OK now I'm lost on the advantage of modifying the current bootloader to do this, rather than boot from either Fedora 21 netinstall media, or boot.fedoraproject.org media.
This has been working up until the current issue. The 2 pertinent lines are: linux /boot/vmlinuz-remote repo=hd:md126:/david/Fedora-Server-netinst-i386-21.iso noselinux ks.device=00:14:6c:55:f1:85 ks=hd:md126:/david/ks.cfg --noip6 ramdisk_size=8192 panic=30 initrd /boot/initrd-remote.img
I've never seen this kind of notation before, and I don't see a root=UUID= line so it seems like systemd is going to have no idea what volume to mount as root fs.
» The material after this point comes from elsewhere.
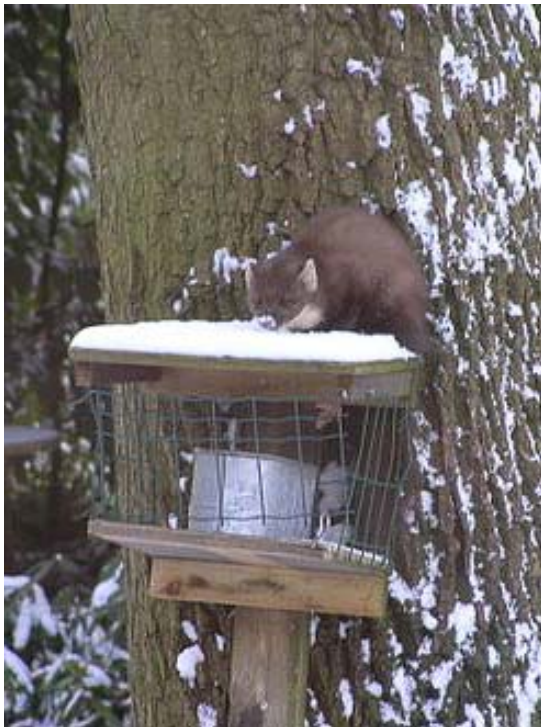
Foto 1. Boommarter op een voederplatform voor eekhoorns in een tuin aan het Papenpad in Wageningen Hoog, 30 november 2010 om 12.30 uur. Het dier at van pindakaas.

Al lange tijd worden er 'marters' waargenomen aan de oostkant van Wageningen. Zo is al een tijdje bekend dat de boommarter zich op de Wageningse Berg voortplant, specifiek op het landgoed Oranje Nassau's Oord en in de Boswachterij Oostereng. Tevens zijn er vooral vanaf het jaar 2000 zichtwaarnemingen van boommarters in het Arboretum Belmonte en het aan de wijk Hamelakkers grenzende universiteitscomplex De Dreijen. De laatste jaren zijn er ook zichtwaarnemingen uit tuinen in de bosrijke wijk Wageningen-Hoog (foto 1). Daarnaast zijn boommarters diverse malen bij Wageningen als verkeersslachtoffers gevonden, vooral op de N225 (zie figuur 1). In 2005 werd zelfs een boommarternest met twee jongen aangetroffen in het bos achter het verlaten voetbalstadion op de Wageningse Berg. Je zou hieruit kunnen concluderen dat boommarters de groene rand van Wageningen bepaald niet schuwen.

What are vmlinuz-remote and initrd-remote.img? set root='hd0,msdos1' is telling GRUB that those files are local, on the primary drive's first partition. So where did they come from?
A particular Fedora installer version expects a particular environment setup by a precreated initramfs which is on the netinstall.
I thought noselinux was deprecated a long time ago in favor of selinux=0 or enforcing=0, with the latter being preferred since it still labels files correctly.
The set root line is what I think I do not have set correctly. The /dev/root error comes up during the initial netinstall boot up.
The set root line in the grub.cfg tells GRUB where the kernel and initramfs are located. That's it. Obviously it found /boot/vmlinuz-remote and /boot/initrd-remote.img or the system wouldn't have gotten to dracut. So it did exactly what you asked it to do. I just don't know why you're booting the system this way instead of using install media written to a USB stick or pxeboot or something.
The file rdsosreport.txt is below.
It looks really short, I'm expecting a lot more data including journal entries and there are none.